> _What the exercise asks_:
Everything below from the line with "- 로스웰 (887원" through the line with "Насос створює робочий" should be copied exactly, and nothing else; leave out the pictures.

----------------

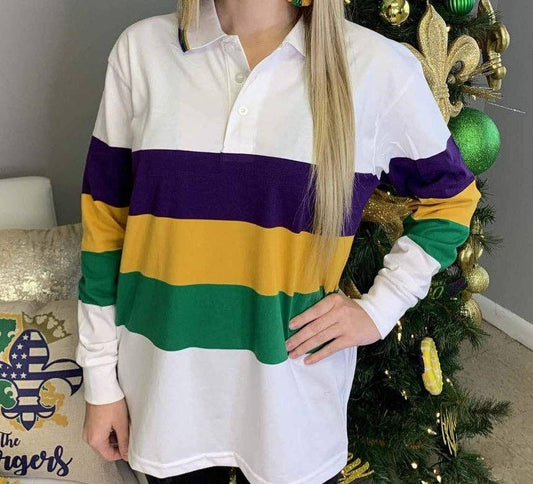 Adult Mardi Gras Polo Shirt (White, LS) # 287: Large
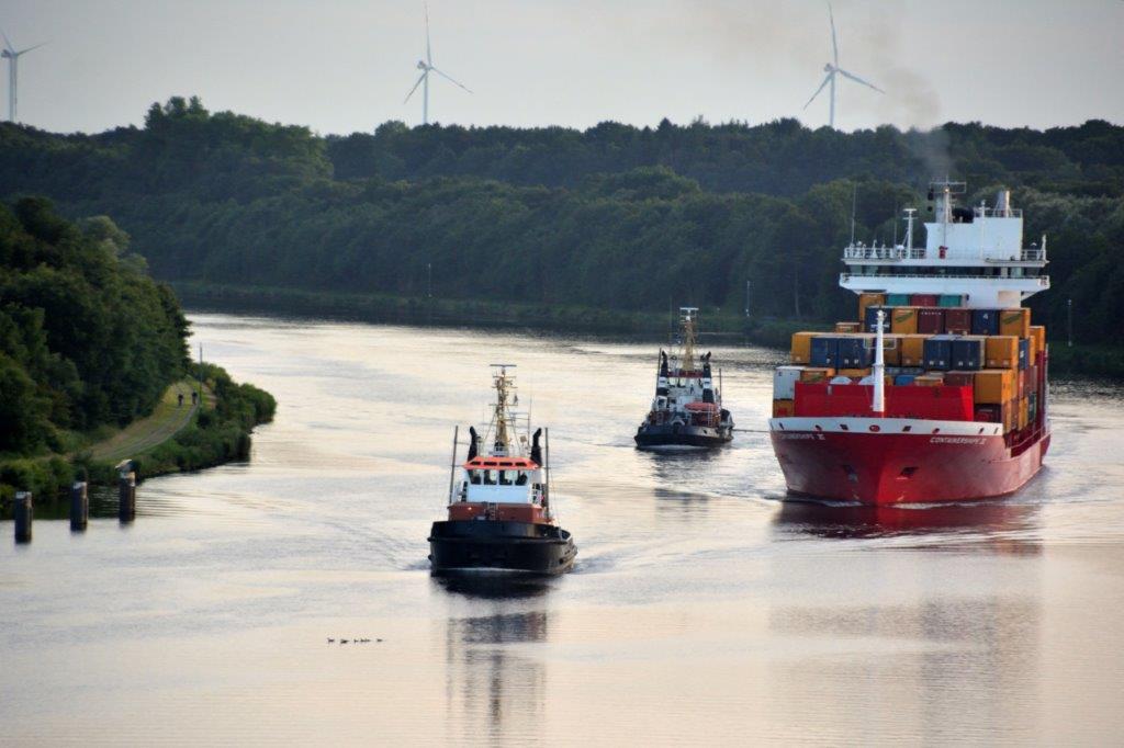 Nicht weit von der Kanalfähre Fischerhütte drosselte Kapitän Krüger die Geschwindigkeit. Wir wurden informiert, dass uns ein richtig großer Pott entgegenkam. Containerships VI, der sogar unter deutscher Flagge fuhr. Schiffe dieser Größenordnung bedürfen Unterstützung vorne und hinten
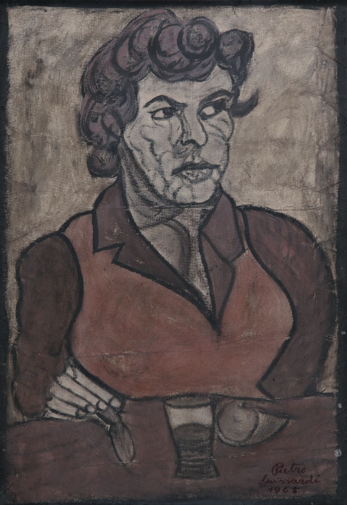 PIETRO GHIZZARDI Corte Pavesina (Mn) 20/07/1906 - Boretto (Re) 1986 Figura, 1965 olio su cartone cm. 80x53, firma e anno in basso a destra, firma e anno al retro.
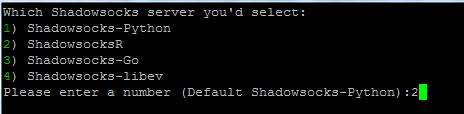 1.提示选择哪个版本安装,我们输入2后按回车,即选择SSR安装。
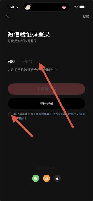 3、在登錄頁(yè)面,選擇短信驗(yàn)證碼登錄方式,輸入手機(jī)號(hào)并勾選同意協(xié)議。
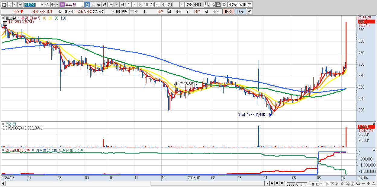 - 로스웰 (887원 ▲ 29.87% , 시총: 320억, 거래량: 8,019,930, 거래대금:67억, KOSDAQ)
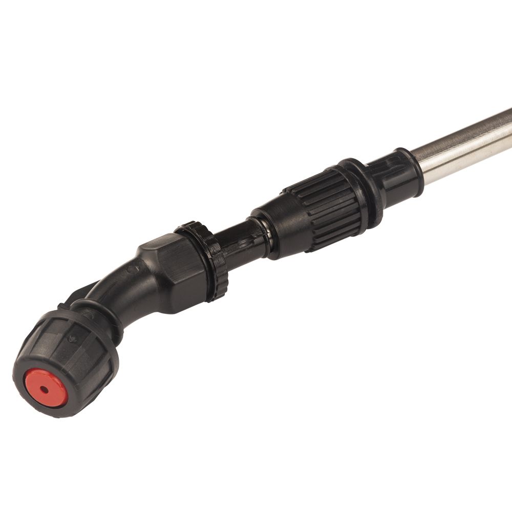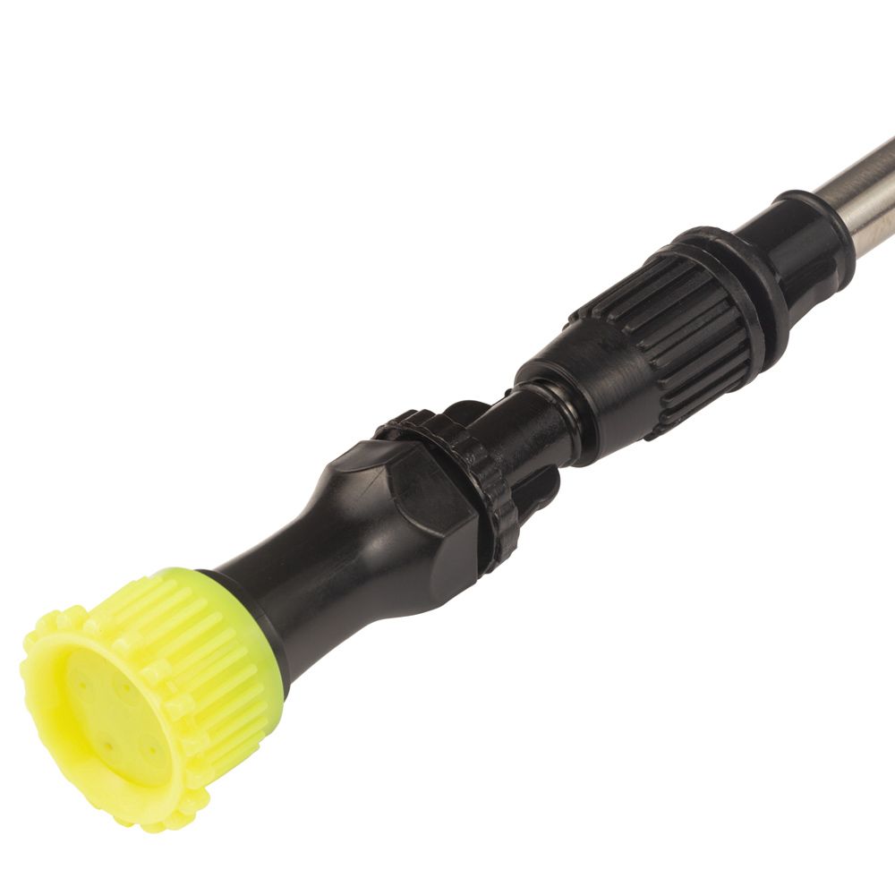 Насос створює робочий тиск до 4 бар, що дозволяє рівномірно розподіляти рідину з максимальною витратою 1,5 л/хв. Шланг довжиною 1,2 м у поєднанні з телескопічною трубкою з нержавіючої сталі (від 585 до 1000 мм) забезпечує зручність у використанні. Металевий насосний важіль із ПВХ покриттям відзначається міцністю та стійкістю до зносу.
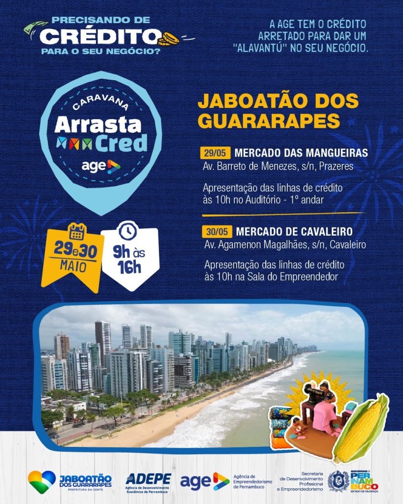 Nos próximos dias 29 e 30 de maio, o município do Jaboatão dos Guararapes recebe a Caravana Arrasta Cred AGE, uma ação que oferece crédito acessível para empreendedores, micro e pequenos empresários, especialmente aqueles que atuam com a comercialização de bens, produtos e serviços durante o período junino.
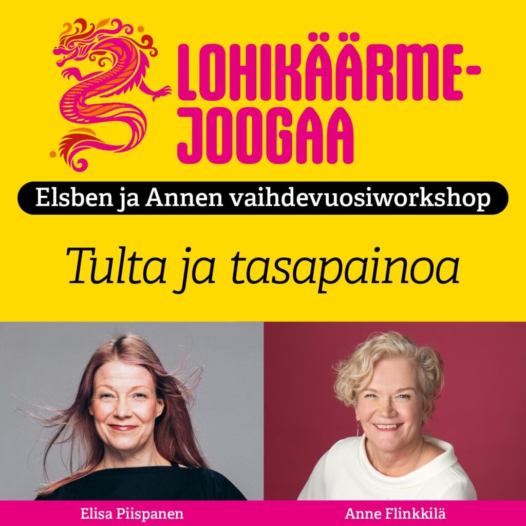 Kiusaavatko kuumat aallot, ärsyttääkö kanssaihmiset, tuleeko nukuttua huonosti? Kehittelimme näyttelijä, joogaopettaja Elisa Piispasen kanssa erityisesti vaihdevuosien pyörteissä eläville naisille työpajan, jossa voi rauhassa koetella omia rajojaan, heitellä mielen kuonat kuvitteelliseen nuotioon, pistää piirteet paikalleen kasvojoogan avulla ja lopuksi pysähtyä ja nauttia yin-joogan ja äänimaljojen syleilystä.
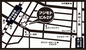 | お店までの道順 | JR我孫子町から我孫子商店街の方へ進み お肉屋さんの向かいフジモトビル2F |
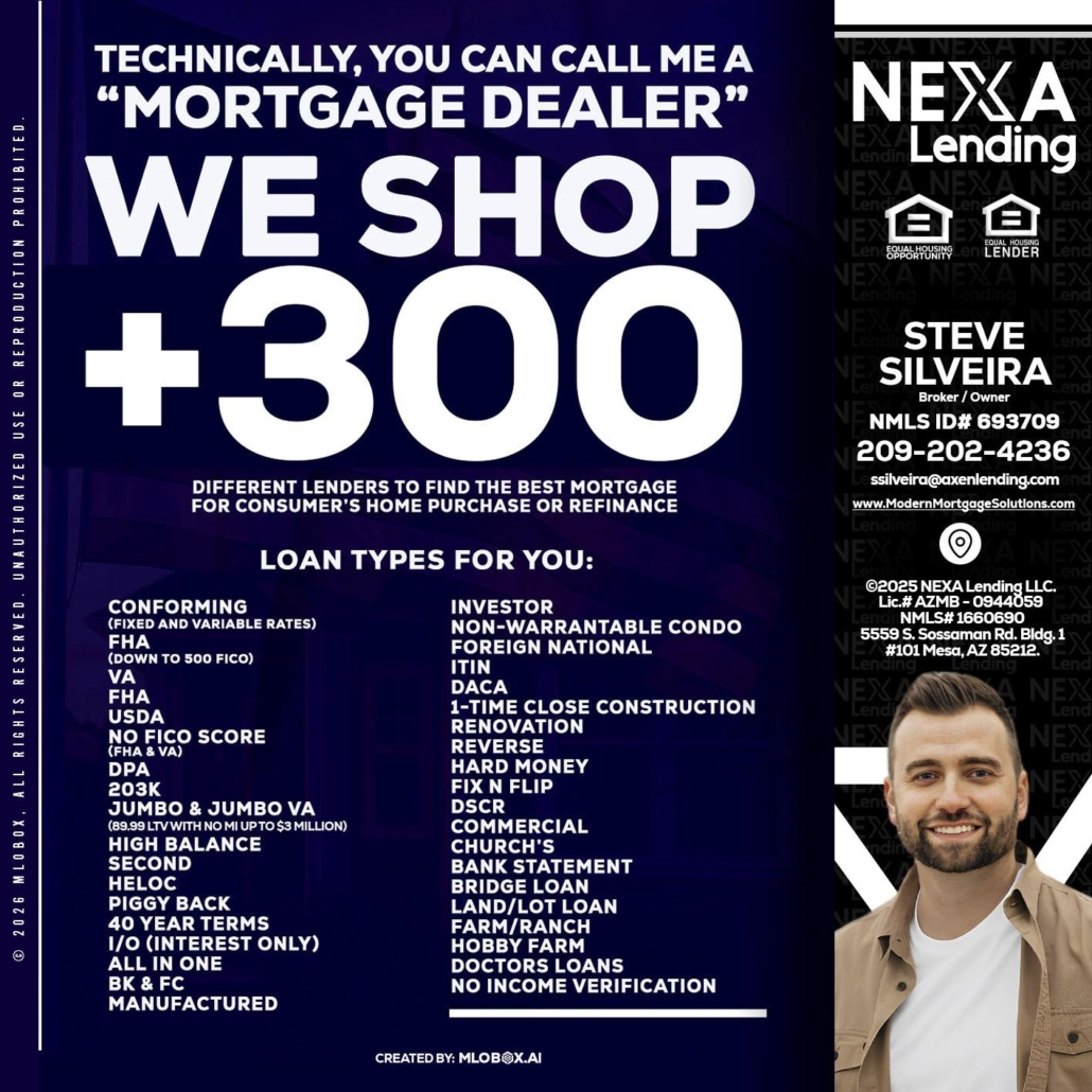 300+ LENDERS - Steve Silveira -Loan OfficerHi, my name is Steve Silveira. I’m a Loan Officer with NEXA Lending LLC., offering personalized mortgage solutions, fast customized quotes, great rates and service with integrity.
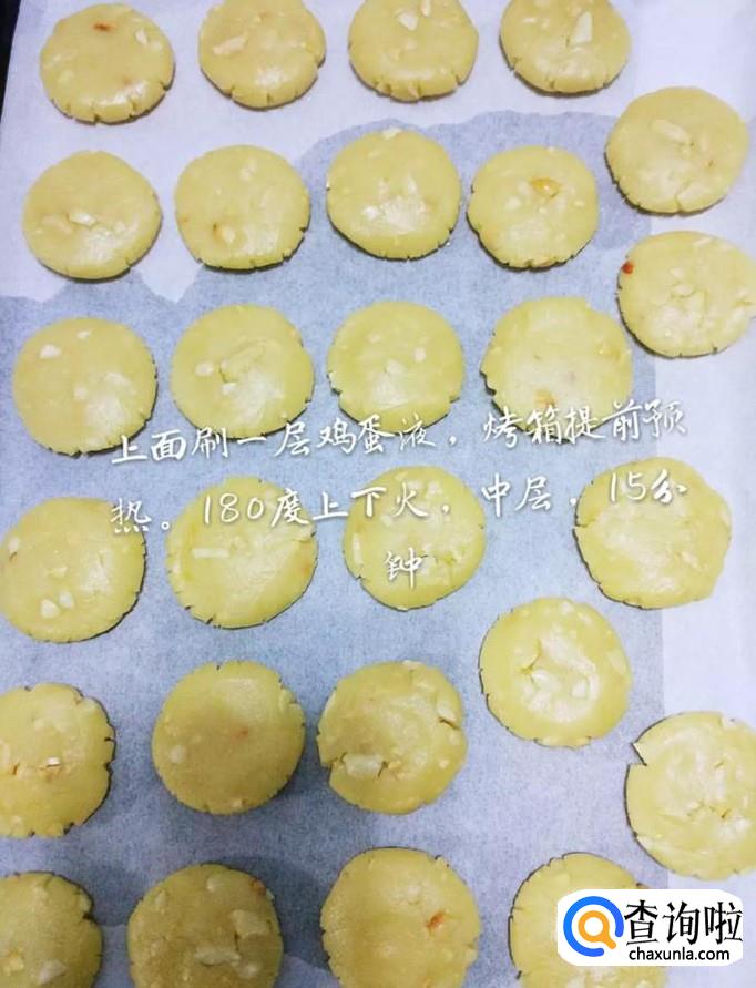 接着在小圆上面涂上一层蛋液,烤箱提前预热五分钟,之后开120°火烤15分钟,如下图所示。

----------------

> _Answer below_:
 - 로스웰 (887원 ▲ 29.87% , 시총: 320억, 거래량: 8,019,930, 거래대금:67억, KOSDAQ)
 Насос створює робочий тиск до 4 бар, що дозволяє рівномірно розподіляти рідину з максимальною витратою 1,5 л/хв. Шланг довжиною 1,2 м у поєднанні з телескопічною трубкою з нержавіючої сталі (від 585 до 1000 мм) забезпечує зручність у використанні. Металевий насосний важіль із ПВХ покриттям відзначається міцністю та стійкістю до зносу.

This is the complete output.